We ignore infield pop-ups and line drives.
How do we figure out each fielder’s
successful plays?
•
For outfielders, it is
simple and clean. All putouts are, by
definition, successful catches.
•
For infielders, other
than at 1B, we use assists and ignore putouts, although some assists are on
relay throws and some putouts are ground balls without a throw.
•
For 1B, many of his
groundball outs are putouts (no throw).
We want to make sure that we don’t miss those, so we can take his total
putouts and subtract the assists from the rest of the infielders.
•
The final number is
successful batted ball plays, not including pop ups and line drives for
infielders, divided by opportunities.
An error is treated like a hit – simply a missed opportunity. This
system penalizes a player for making an error or not getting to a ball that was
presumably hit in his general location, and gives credit for the opposite.
•
That is exactly what
a defensive evaluation system is supposed to do!
What are the weaknesses of Range?
•
It only estimates
successful plays and opportunities for all fielders. It includes some noise.
•
It is not really sure
how many ground ball outs a first baseman makes.
•
It does not know how
hard a ball is hit, where it is hit, where the fielder might be playing (based
on the batter, outs, and baserunners), and other things.
•
These things tend to
“even out” in the long run, so over several years, Range is a very good
indicator of defensive talent/value.
•
How can we turn Range
into runs saved or cost?
Zone Rating (ZR)
“I’m in the Zone baby!
Maybe next time I’ll be out of the Zone – baby!”
Zone Rating (ZR)
•
Uses hit location data.
•
Records how many fly
balls and line drives are hit in each outfielder’s “zone” and how many of these
are turned into outs.
•
Does the same thing for
infielders and ground balls.
•
A fielder’s “zone” is
defined as that area of the field around a fielder in which that fielder makes
at least 50% of the plays.
•
Revised Zone Rating
(RZR) also keeps track of plays made outside of a fielder’s zone.
Weaknesses
•
It does not distinguish
between the location and speed of each ball within a zone, or even outside of a
player’s zone.
•
It arbitrarily creates a
“zone” for a player.
•
It treats an error the
same as a hit.
•
Like most of the systems
so far, it does not account for the position of the fielders.
Again, how can we turn a ZR into
“runs?”
Defensive Efficiency Rating (DER)
“There
is no “I” in “teim!”
Or is
there?
Anyone
want to argue with me?
I
didn’t think so!”
Defensive Efficiency Rating (DER)
•
This is only used on a
team level.
•
We can easily figure out
how many balls in play (BIP) a team allows.
•
DER = outs on non-HR
balls in play divided by non-HR BIP.
Weaknesses
•
It does not distinguish
between ground balls, line drives, and fly balls, and each of these has
different out percentages. (If you have
batted ball type data or pitcher G/F ratio, you can adjust for this.)
•
It does not account for
how hard each ball is hit, the exact location, or the position of the fielders
– similar to the weaknesses of Range.
•
It is only useful for
teams and not for individual players, so it is limited as a projection tool.
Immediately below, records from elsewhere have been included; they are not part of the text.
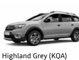
Highland Grey (KQA)
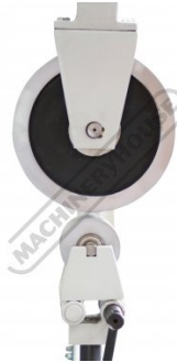
Front View Of Wheels
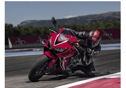
The CBR650R in action.

Since 1999, with the ST1100 Pan European model, Honda have equipped more and more of its motorcycles with a system called Honda Selectable Torque Control (HSTC). This system constantly monitors the speeds of the front and rear wheels via speed sensors incorporated into the Anti-Lock Braking System (ABS). When the rear wheel begins to rotate significantly faster than the front, the systems reduces fuel delivery to the engine, limiting rear-wheel slippage. In 2019 with the new CBR650R, Honda applied this technology to its mid-displacement Supersport motorcycle for the first time. The rider can deactivate it on demand.
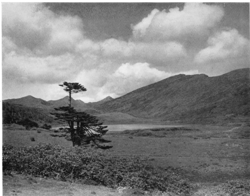
Orka La: the last tree
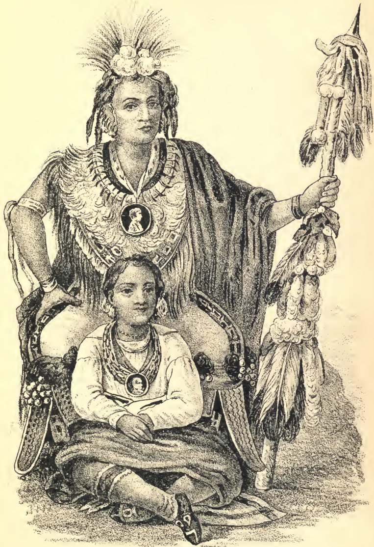
KEOKUK AND SON.
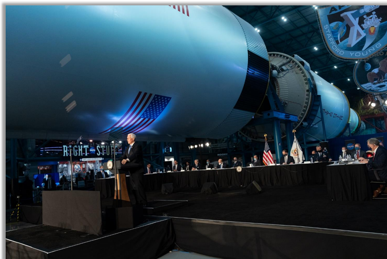
Vice President Mike Pence delivers remarks and chairs the Eighth Meeting of the National Space Council at NASA's Kennedy Space Center on December 9, 2020.
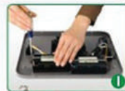
Replacing Power Supply
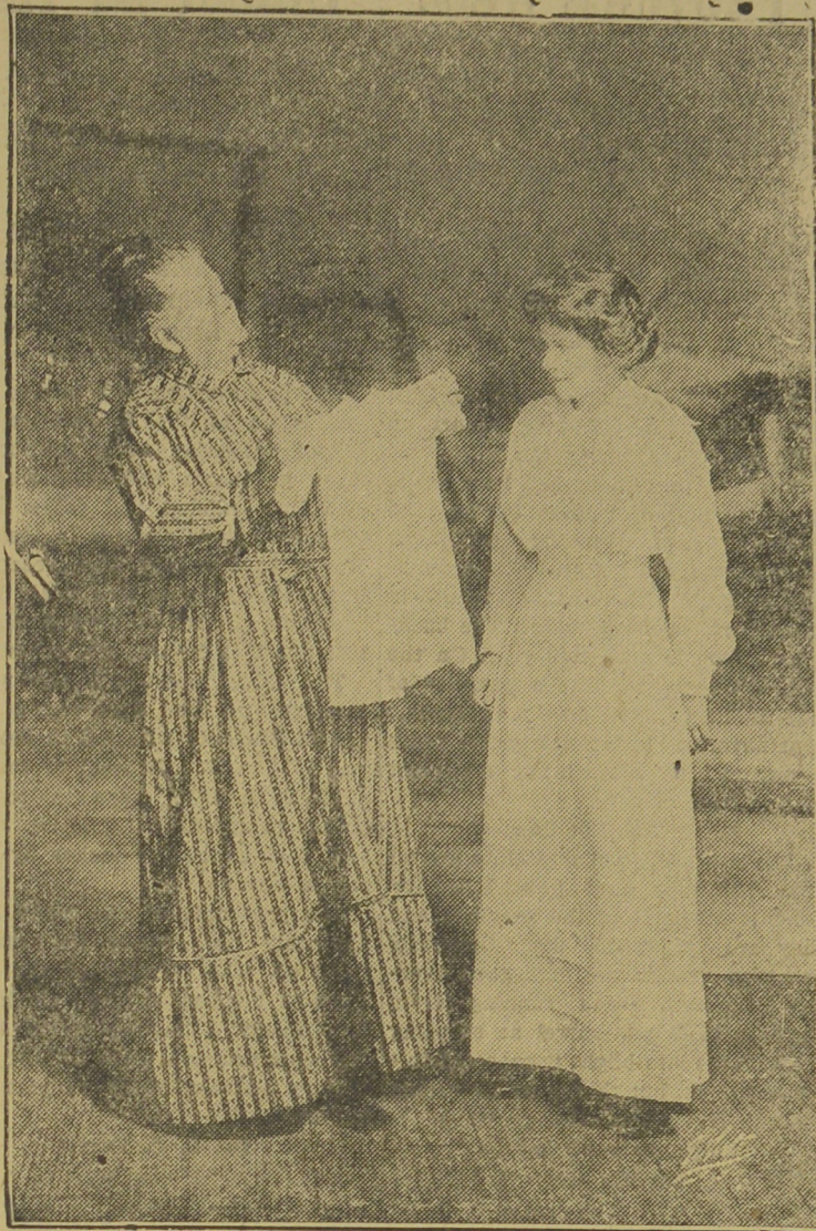
Scene from "Pals First," as presented by the Urban Stock Co. Wednesday Night, October 1st.

Communication with the European continent is steadily improving.
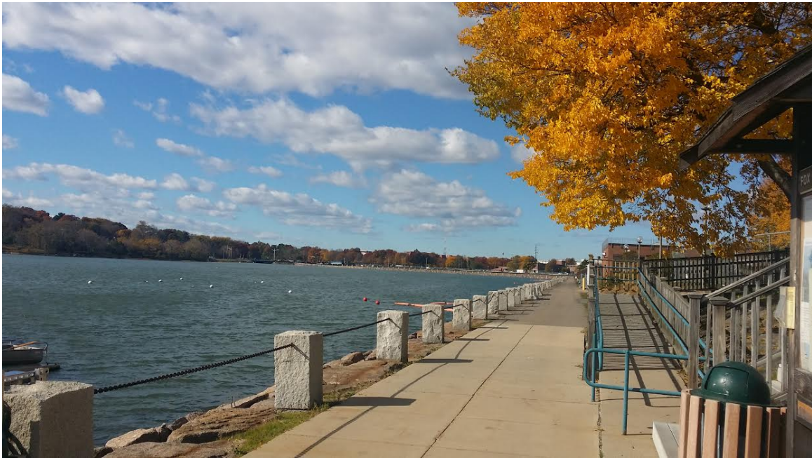
UMass Boston Harbor walk in Fall (October)
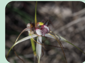
Caladenia longicauda subsp. borealis
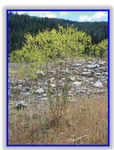
Dyer's Woad, Carrville Ponds
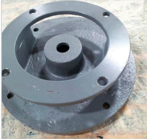
Showing the pump housing #082-6301, motor side
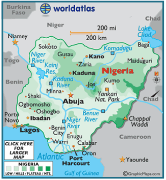
Figure 2: Map of Nigeria showing Abuja, Federal Capital Territory.
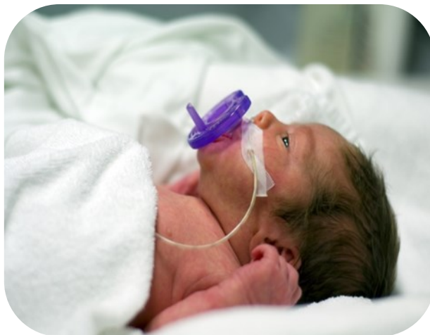
Pacifier sucking during a tube feeding

How do you know if I am hungry? When I am ready I will:
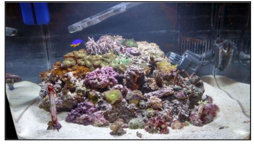
Live rock, coral and anemones in a nano tank.
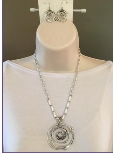
Use as a foundation necklace. Add SILVER SWIRL .
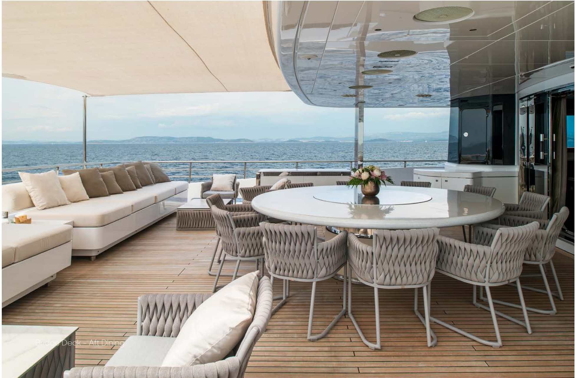
Bridge Deck - Aft Dining
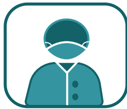
COVID-19 Health and Safety
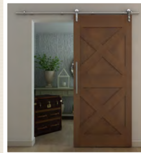
91-4100 | SST
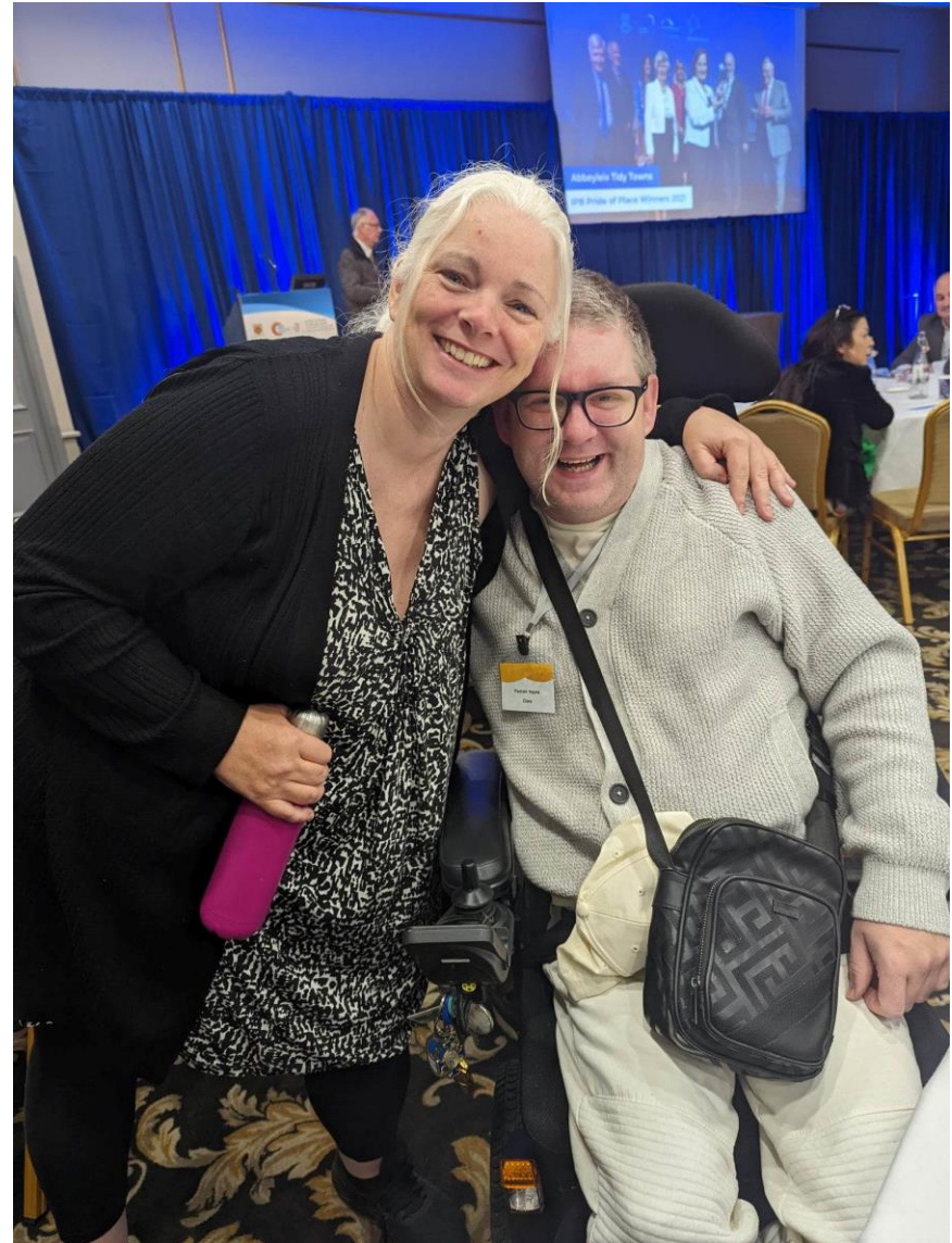
Photos of our fantastic Secretariat members from the National PPN conference.
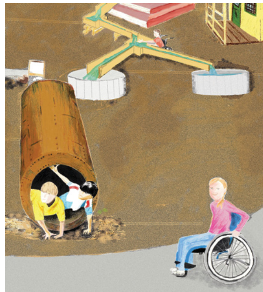
Illustration of playscape designed to accommodate all children.

The kids will love it too, of course. And all of them will be thanking the Koschs when the Village Playscape opens in the fall. •
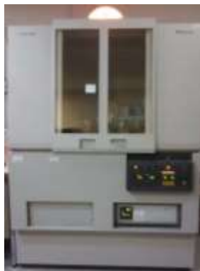
Figure 2 Diffractometer PANalyticalX'Pert PRO

XRD is a technique that was used to detect the amorphous nature and the phases present of the origin FA; as well as to identify the creation of new phases produced by alkaline activation solution. The tests were performed on a diffractometer PRO PANalyticalX'Pert (see Figure 2) equipped with a source CuKa radiation X-rays; the assay was performed in the range 5^\circ to 70^\circ of 2\theta in steps of scanning 0.05s. Samples were prepared by grinding material from the specimens tested in mechanical testing in an agate mortar until obtaining a similar fineness of the talcum, the resultant powders were prepared in the sample holder and introduced into the diffractometer for analysis.
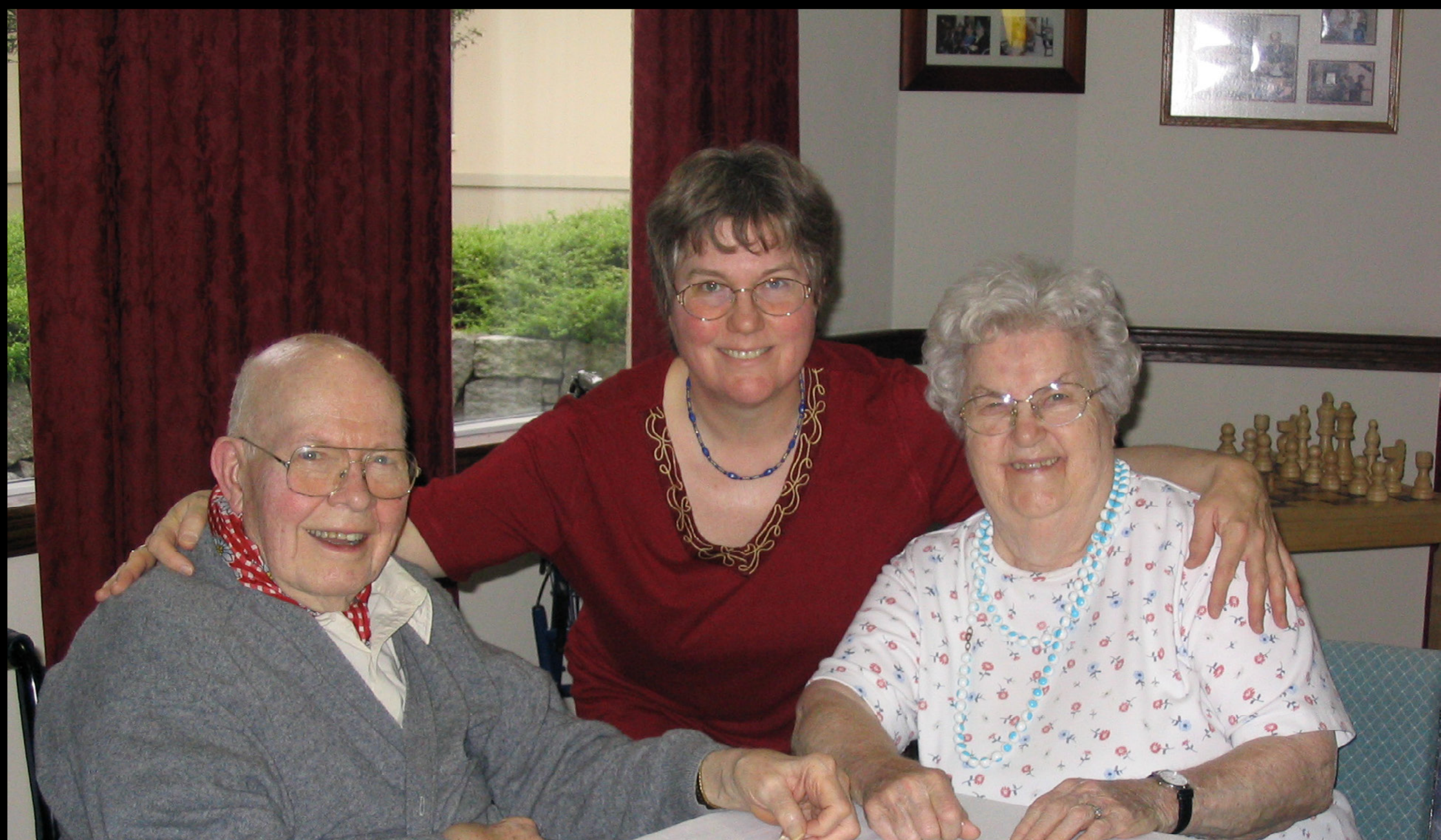
New Horizons Retirement Communities
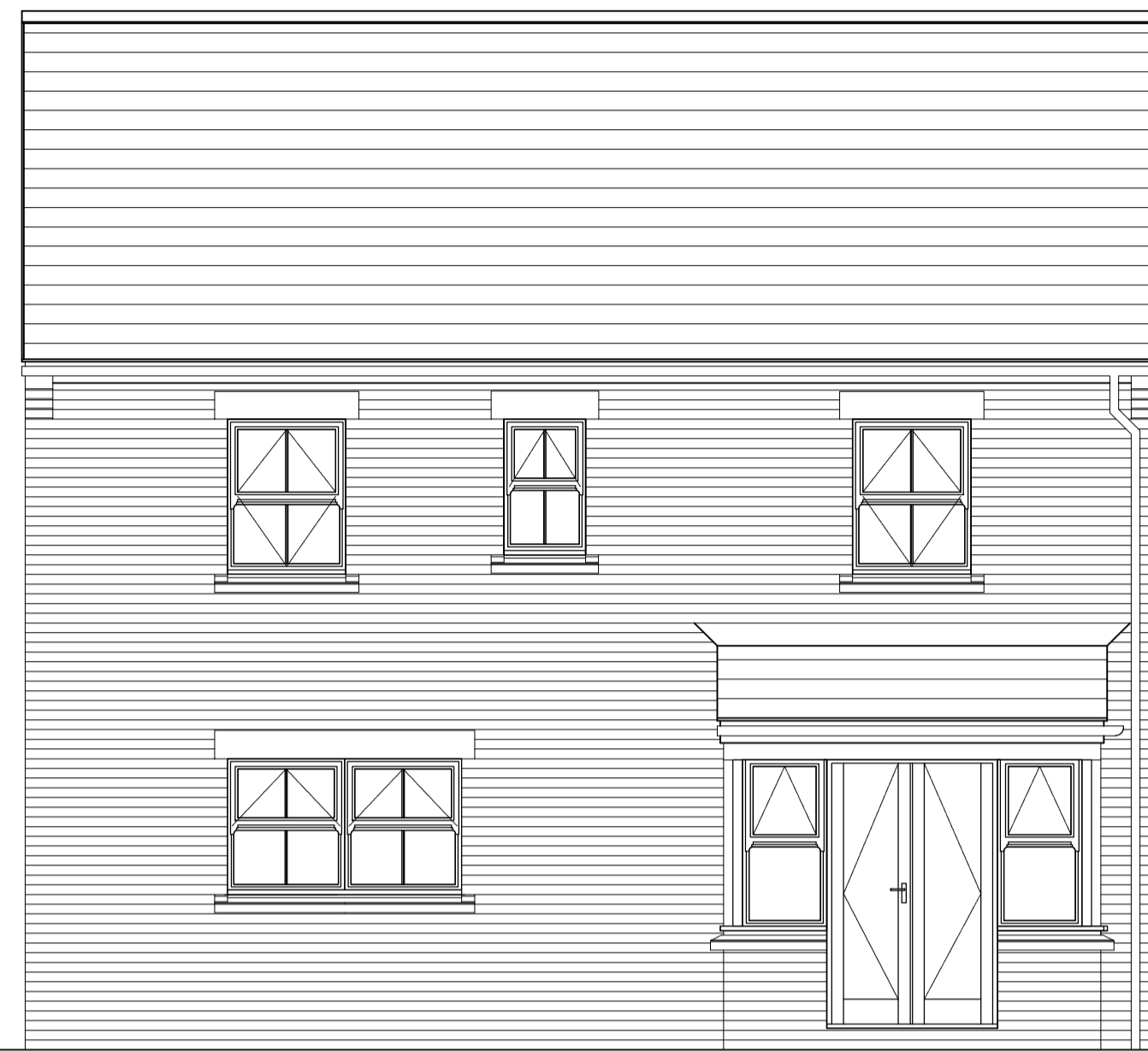
EXISTING REAR ELEVATION (1:50)
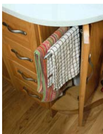
right Towels are kept out of sight in a narrow cupboard.
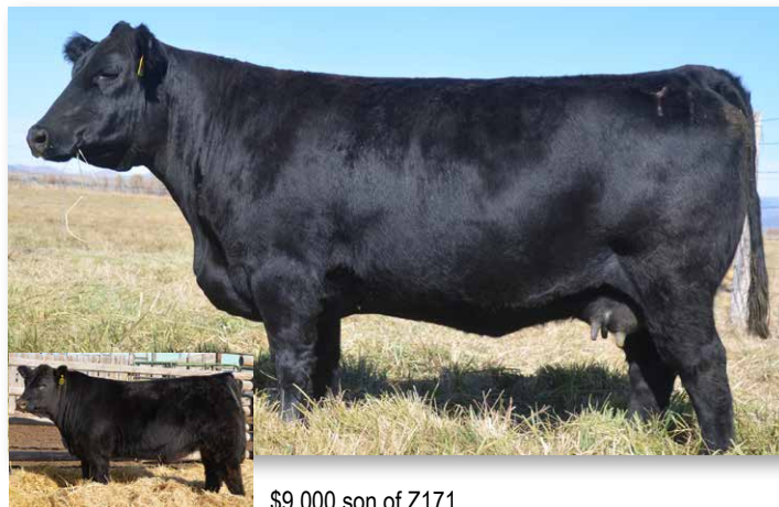
$9,000 son of Z171.
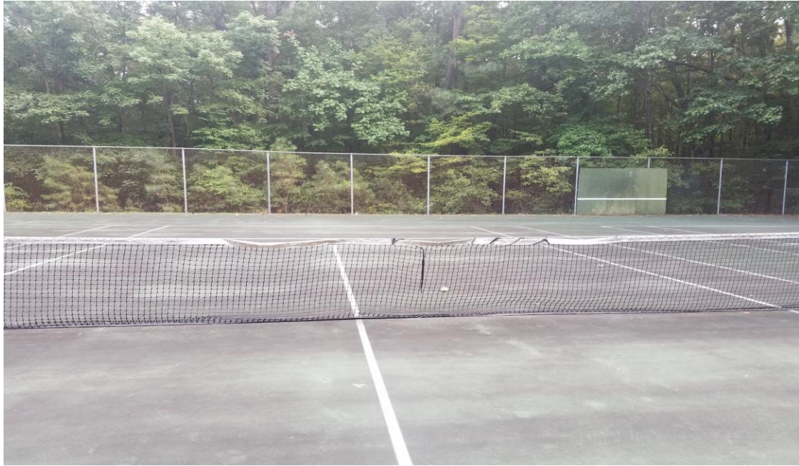
Ephesus Park - Courts
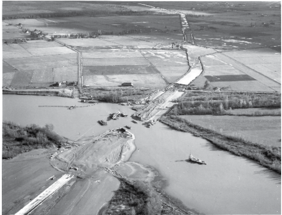
City of Richmond Archives photograph 1984 3 1, taken in 1958, shows the construction of the freeway just south of the George Massey Tunnel. The photo is on page 149.
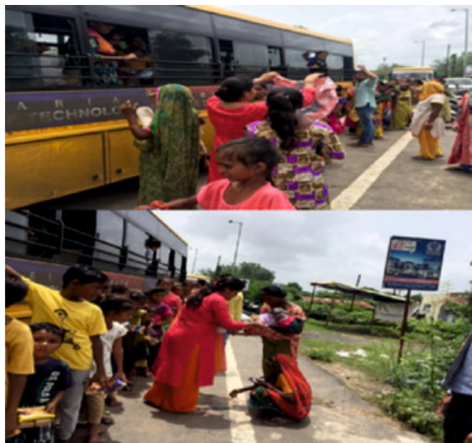
Contribution of Clothes in Flood Affected Areas of Vadodara on 13th August 2019 initiated by NSS UNIT-BIP

Without and With You (WOWY)
•
Compares how many plays
a fielder makes compared to how many plays everyone else makes at that position,
with the same pitchers, and in the same park.
•
It is “clean.”
•
It is easy for everyone
to understand.
•
You can’t blame or
credit your bad or good defense on anyone or anything else but yourself.
•
It can be used for other
things that are hard to evaluate, like catcher defense, stolen bases against
pitchers, double plays, or first basemen “scoops.”
•
It may suffer from
sample size issues. The more you try to
control for the context, the smaller the sample size.
Ultimate Zone Rating (UZR)
“You’ve heard of ‘Ultimate Frisbee?
(Sound of crickets.)
O.K., maybe you haven’t. Maybe I’m stuck in the 70’s.
Or maybe you guys are just too darn young!”
Ultimate Zone Rating (UZR)
•
Uses detailed hit type
and location data.
•
Accounts for the
position of the fielders.
•
Uses park factors.
•
Uses the exact hit value
for each batted ball.
•
Treats errors
differently than hits.
•
Creates “buckets:”
–
Type, location, and speed
of batted ball.
–
Handedness of batters.
–
G/F tendency of pitchers.
–
Baserunners and outs.
–
Infield and outfield (3
of them) park factors.
•
For each bucket,
calculates the percentage of plays made by every fielder.
•
Uses that to compute each
fielder’s UZR in runs.
Weaknesses
None!
2008 Red Sox
The Future of Defensive Evaluation
•
Hit f/x
•
Tracks the position of
all fielders before the ball is hit.
•
Exact landing location,
speed off the bat, and hang time (for fly balls and line drives) of all batted
balls.
•
Given the exact
characteristics of a batted ball and the exact position of a fielder, we can
calculate exactly how often an average fielder does or does not successfully
field any given batted ball.